We are not paid for the typing. We are paid because we are the only ones willing to perform open-heart surgery on a zombie platform while the CEO watches. The ability to stare into the abyss of a crashing production database without vomiting is a rare and expensive evolutionary trait.

Companies do not pay us for the hours when everything is working. They pay us a retainer fee for the fifteen minutes a year when the entire digital infrastructure threatens to evaporate. We are basically insurance policies that drink too much caffeine.

The panic tax

This brings us to the core of the salary misunderstanding. Most technical professionals think they are paid to build things. This is only partially true. We are largely paid to absorb panic.

When a server farm goes dark, the average business manager experiences a visceral fight-or-flight response. They see revenue dropping to zero. They see lawsuits. They see their bonus fluttering away like a moth. The person who can walk into that room, look at the chaos, and say “I know which wire to wiggle” is not charging for the wire-wiggling. They are charging a “Panic Tax.”

The harder the problem is to understand, and the fewer people there are who can stomach the risk of solving it, the higher the tax you can levy.

If your job can be explained to a five-year-old in a single sentence, you are likely underpaid. If your job involves acronyms that sound like a robotic sneeze and requires you to understand why a specific version of a library hates a specific version of an operating system, you are in the money.

You are being paid for the obscurity of your suffering, not the intensity of it.
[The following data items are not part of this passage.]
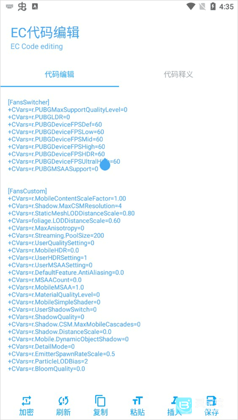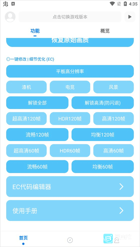 代码编辑功能:允许用户自行调试画质代码,以达到最佳游戏效果。
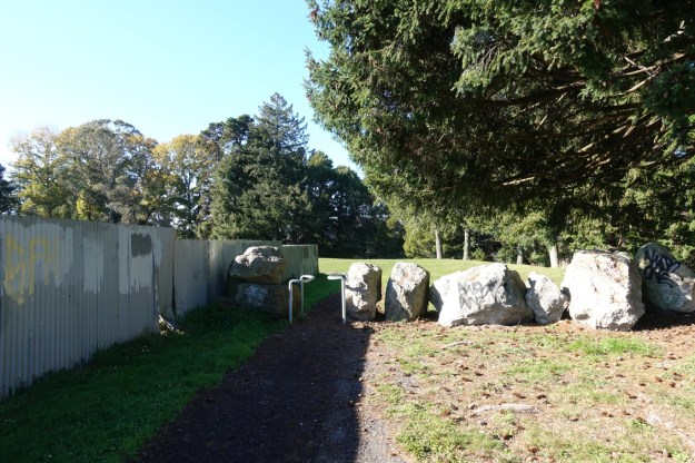 The first part of the walk is along Kotuku Street, turning left onto Kiwi Street, and then crossing diagonally over Otonga Road to enter Jackson Park alongside the school. There is no marked track through the grass area, but it runs alongside the school and either left or right of the taller row of trees seen just left of centre.
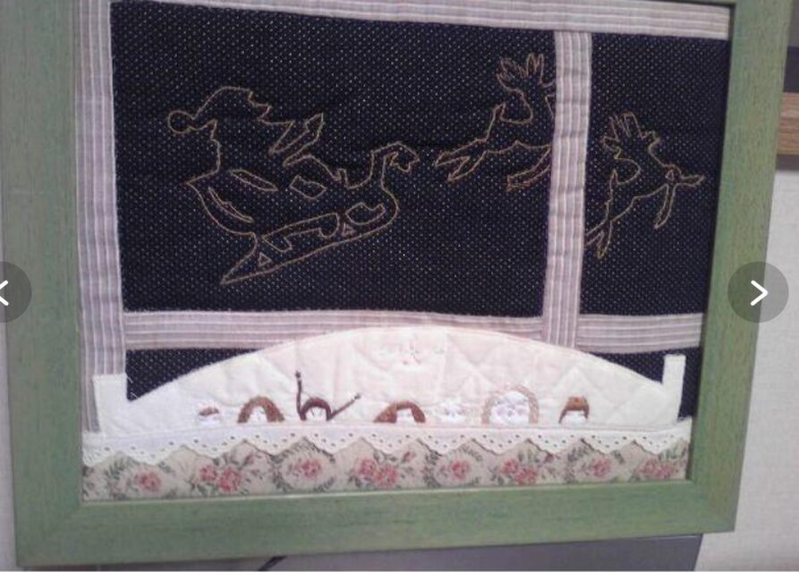 To create this artwork, follow the previous instructions provided for making an original handmade frame. Incorporate the described scene by painting the elements accordingly, adding the embroidered faces of the seven adorable babies.

The golden retriever replacement theory

To understand your true value, you have to look at yourself with the cold, unfeeling eyes of a hiring manager. You have to ask yourself how easy it would be to replace you.
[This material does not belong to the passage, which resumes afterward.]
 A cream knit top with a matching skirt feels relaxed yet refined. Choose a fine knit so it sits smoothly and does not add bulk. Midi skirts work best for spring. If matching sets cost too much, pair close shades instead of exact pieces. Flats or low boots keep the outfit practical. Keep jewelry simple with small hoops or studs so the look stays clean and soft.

If you are a generalist who works very hard, follows all the rules, and does exactly what is asked, you are a wonderful employee. You are also doomed. To the algorithm of capitalism, a generalist worker is essentially a standard spare part. If you vanish, the organization simply scoops another warm body from the LinkedIn gene pool and plugs it into the socket before the seat gets cold.
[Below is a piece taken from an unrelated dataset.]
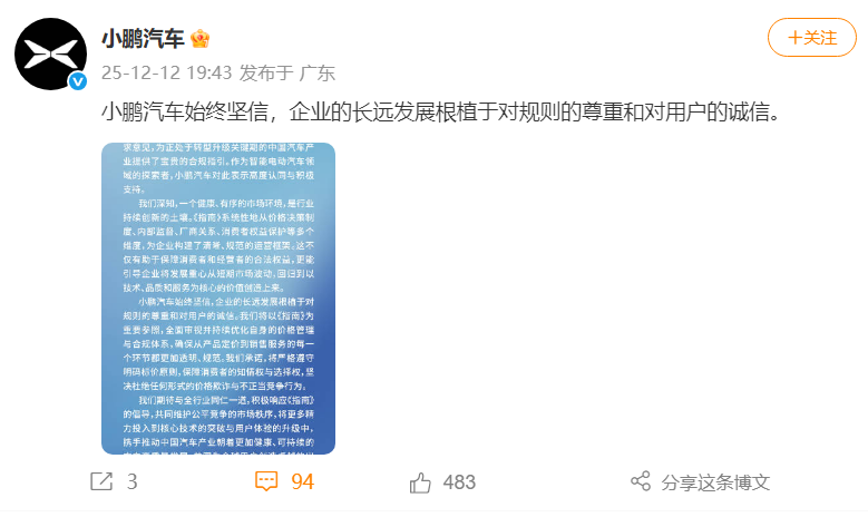 12月12日,小鹏汽车发布关于支持《汽车行业价格行为合规指南》的声明。 小鹏汽车表示,全面审视并持续优化自身的价格管理与合规体系,确保从产品定价到销售服务的每一个环节都更加透明、规范。 承诺将严格遵守明码标价原则,保障消费者的知情权与选择权,坚决杜绝任何形式的价格欺诈与不正当竞争行为。 对此,有分析人士认为,随着相关行业指引的推出与头部企业的率先表态,或将进一步推动汽车销售与服务环节的标准化与规范化发展,有助于构建更加诚信、健康的汽车消费生态。 |

However, consider the engineer who manages the legacy authentication system. You know the one. The system was written ten years ago by a guy named Dave who didn’t believe in documentation and is now living in a yurt in Montana. The code is a terrifying plate of spaghetti that somehow processes payments.

The engineer who knows how to keep Dave’s ghost alive is not working “hard.” They might spend four hours a day reading Reddit. But if they leave, the company stops making money. That engineer is difficult to replace.

This is the goal. You do not want to be the shiny new cog that fits perfectly in the machine. You want to be the weird, knobby, custom-forged piece of metal that holds the entire transmission together. You want to be the structural integrity of the department.

This does not mean you should hoard knowledge or refuse to document your work. That makes you a villain, not an asset. It means you should tackle the problems that are so messy, so risky, and so complex that other people are afraid to touch them.

The art of being a delightful bottleneck

There is a nuance here that is often missed. Being difficult to replace does not mean being difficult to work with. There is a specific type of IT professional who tries to create job security by being the “Guru on the Mountain.” They are grumpy, they refuse to explain anything, and they treat every question as a personal insult.

Do not be that person. Companies will tolerate that person for a while, but they will actively plot to replace them. It is a resentment-based retention strategy.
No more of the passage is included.